Objectives: This study was conducted to investigate public perceptions and concerns surrounding tuberculosis (TB) treatment in Korea through an analysis of online queries about antitubercular medications. Additionally, it evaluated the effectiveness of large language models (LLMs) as analytical tools for processing unstructured healthcare data.

Methods: Using LLMs, this study analyzed 44,174 questions that mentioned TB from Naver Knowledge-iN (2002-2024). Questions referencing antitubercular medications were extracted and thematically categorized. Side effects were analyzed through parallel approaches examining general and medication-specific effects. Questions about infectivity and social implications were further analyzed using text embedding, dimensionality reduction, and clustering. The performance of LLMs was evaluated against human researchers and traditional methods.
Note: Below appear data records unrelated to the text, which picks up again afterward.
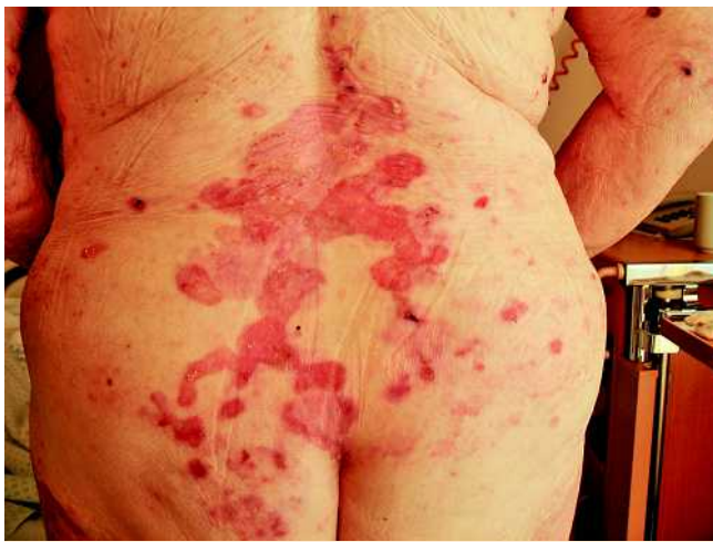
Abb. 1 Dermatohistopathologie: Subepidermale Blasenbildung mit Abhebung der unveränderten Epidermis.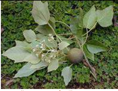
Nouvelle pousse et feuilles tomenteuses blanc-brillant [En Anglais « New growth and leaves are frosty-white tomentose »]. Source : Margaret Barwick, Tropical & subtropical tree .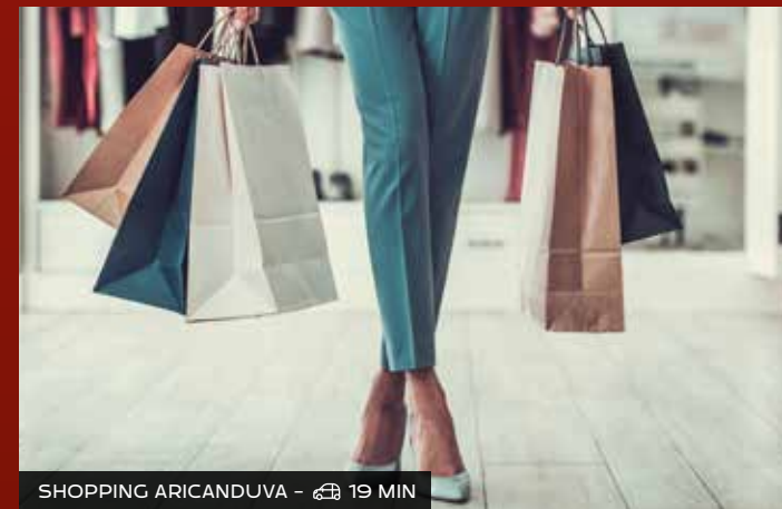
SHOPPING ARICANDUVA - 19 MIN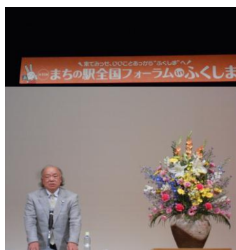
平成25年10月17～19日(木～土)3日間 まちの駅全国フォーラムの様子です。(福島市)

グループ討議では、各課題について、熱心な意見交換が行われました。もう少し話しをしたかったのではないのでしょうか？・・・全国の「まちの駅」も71の地域(ネットワーク)1,602駅になったそうで、さらに地域に根差した“おもてなし”拠点となるよう、地域の特性を活かして、お客様をお迎えしましょう！来年の再会を約束して、散会となりました。皆さん ありがとうございます！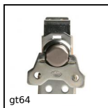
gt64 Grenouillère tournante, Application courante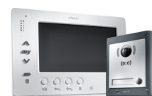
VsystemPro Portier vidéo professionnel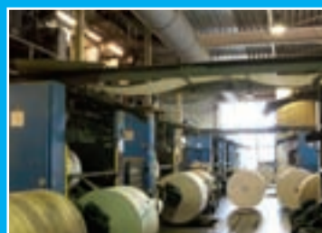
Het Kerkblad wordt gedrukt

Results: Among questions mentioning specific medications (n = 919), rifampin (31.8%) and isoniazid (31.6%) were most frequently referenced. Of the 10,044 questions regarding antitubercular medication, management challenges represented the largest category (44.8%). Analysis of infectivity and social implications (n = 583) revealed previously unidentified concerns about blood donation and immigration eligibility. Employment-related concerns constituted the largest distinct subgroup (20.6%). Hepatotoxicity, dermatosis, and vomiting were the most frequently reported side effects. LLMs outperformed keyword matching in data processing and offered cost advantages over human analysis, with finetuning further reducing processing costs.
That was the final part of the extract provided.